**What you need to do**
Although the records contain pictures, only their text should be repeated, exactly as it stands.
Input data: Begin
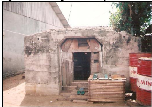
(Foto 5) Sebuah bunker Jepang disengaja dipendam (Foto 6) bunker yang dipakai untuk rumah penduduk
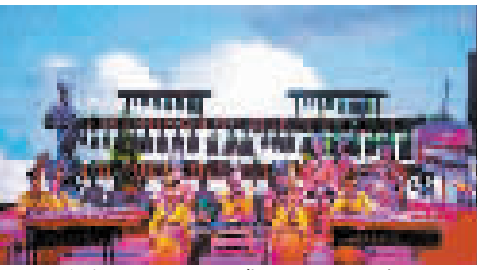
今年4月,湖北省博物馆编钟演奏。

在湖北省博物馆新建成的编钟演奏厅,清脆悠扬的编钟之声,久久回旋;婀娜曼妙的舞姿,演绎楚国宫廷宴乐场景,再现先秦时期中国古代音乐文化视听盛宴,让观众沉醉流连。
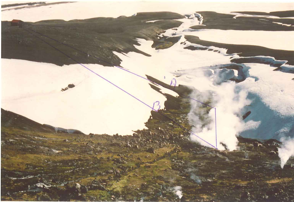
Mynd 3. Ljósmynd sem sýnir lagnarleiðir A og B frá gufuhvernum að skálanum.
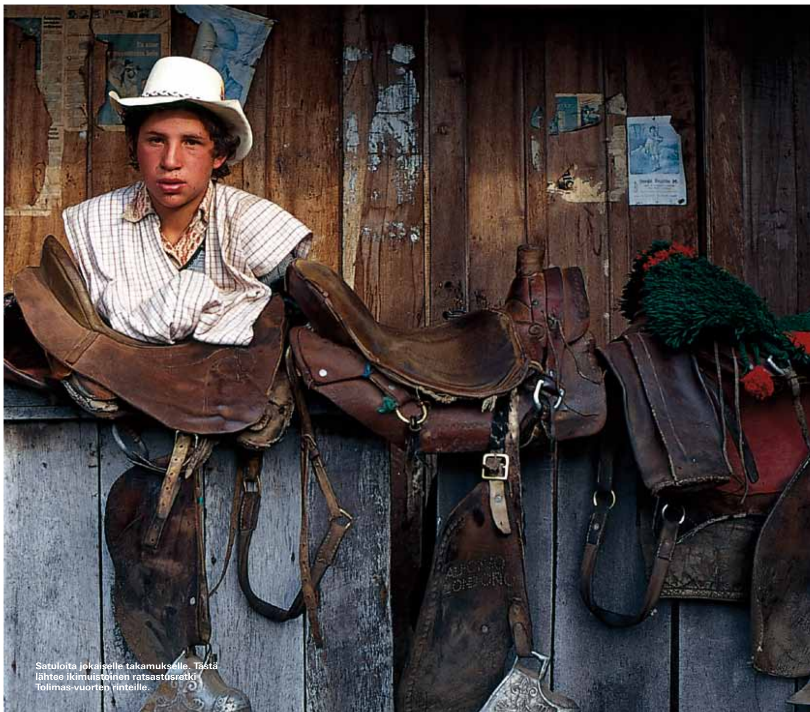
Satuloita jokaiselle takamukselle. Tästä lähtee ikimuistoinen ratsastusretki Tolimas-vuorten rinteille.
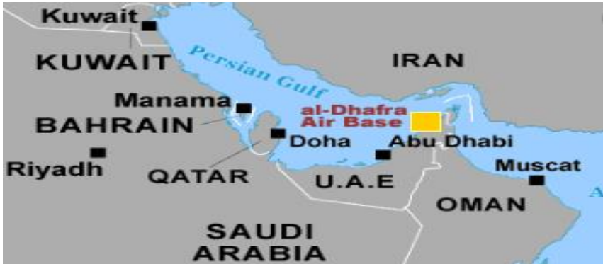
شکل ۱. موقعیت جغرافیایی پایگاه هوایی الظفره امارات

باید توجه داشت که دیدگاه ابوظبی و محمد بن زاید در قبال کابینه‌های آمریکا متفاوت بوده است. به عنوان مثال، ابوظبی در جولای ۲۰۱۵ با این استدلال که برجام مانعی در برابر قدرت و نفوذ فزاینده ایران ایجاد نموده، از انعقاد این توافق استقبال کرد و با این حال، ابوظبی به سرعت رهیافت دولت «اوباما» در قبال ایران را مورد انتقاد قرار داد؛ دولت اوباما را ساده لوح خواند و آن را متهم کرد که قصد دارد کل منطقه را به ایران واگذار نماید. هدف اوباما، ایجاد موازنه میان ایران و مخالفان آن در خلیج فارس بود. در مصاحبه‌ای با آتلانتیک در مارس ۲۰۱۶، وی اعلام کرد سعودی باید خاورمیانه را با دشمنان ایرانی خود شریک شود. عدم حمایت اوباما از متحدان عربی خود که در جریان تحولات انقلابی خاورمیانه و شمال آفریقا به اوج خود رسید، روابط آمریکا و امارات را دستخوش نوسان کرد. این وضعیت با روی کار آمدن دولت «ترامپ» در ژانویه ۲۰۱۷، اتخاذ سیاست فشار حداکثری در قبال ایران و ایفای نقش امارات به عنوان یکی از محورهای سیاست خاورمیانه‌ای آمریکا تعدیل شد. به موجب توافق نامه جدید امنیتی که در می ۲۰۱۷، میان «جیمز متیس» و محمد بن زاید به امضا رسید، آموزش نیروهای مسلح امارات، استقرار ارتش آمریکا در امارات و مانورهای مشترک به توافقات قبلی افزوده شد.
Input data: End
**Result for this task**
(Foto 5) Sebuah bunker Jepang disengaja dipendam (Foto 6) bunker yang dipakai untuk rumah penduduk
今年4月,湖北省博物馆编钟演奏。

在湖北省博物馆新建成的编钟演奏厅,清脆悠扬的编钟之声,久久回旋;婀娜曼妙的舞姿,演绎楚国宫廷宴乐场景,再现先秦时期中国古代音乐文化视听盛宴,让观众沉醉流连。
Mynd 3. Ljósmynd sem sýnir lagnarleiðir A og B frá gufuhvernum að skálanum.
Satuloita jokaiselle takamukselle. Tästä lähtee ikimuistoinen ratsastusretki Tolimas-vuorten rinteille.
شکل ۱. موقعیت جغرافیایی پایگاه هوایی الظفره امارات

باید توجه داشت که دیدگاه ابوظبی و محمد بن زاید در قبال کابینه‌های آمریکا متفاوت بوده است. به عنوان مثال، ابوظبی در جولای ۲۰۱۵ با این استدلال که برجام مانعی در برابر قدرت و نفوذ فزاینده ایران ایجاد نموده، از انعقاد این توافق استقبال کرد و با این حال، ابوظبی به سرعت رهیافت دولت «اوباما» در قبال ایران را مورد انتقاد قرار داد؛ دولت اوباما را ساده لوح خواند و آن را متهم کرد که قصد دارد کل منطقه را به ایران واگذار نماید. هدف اوباما، ایجاد موازنه میان ایران و مخالفان آن در خلیج فارس بود. در مصاحبه‌ای با آتلانتیک در مارس ۲۰۱۶، وی اعلام کرد سعودی باید خاورمیانه را با دشمنان ایرانی خود شریک شود. عدم حمایت اوباما از متحدان عربی خود که در جریان تحولات انقلابی خاورمیانه و شمال آفریقا به اوج خود رسید، روابط آمریکا و امارات را دستخوش نوسان کرد. این وضعیت با روی کار آمدن دولت «ترامپ» در ژانویه ۲۰۱۷، اتخاذ سیاست فشار حداکثری در قبال ایران و ایفای نقش امارات به عنوان یکی از محورهای سیاست خاورمیانه‌ای آمریکا تعدیل شد. به موجب توافق نامه جدید امنیتی که در می ۲۰۱۷، میان «جیمز متیس» و محمد بن زاید به امضا رسید، آموزش نیروهای مسلح امارات، استقرار ارتش آمریکا در امارات و مانورهای مشترک به توافقات قبلی افزوده شد.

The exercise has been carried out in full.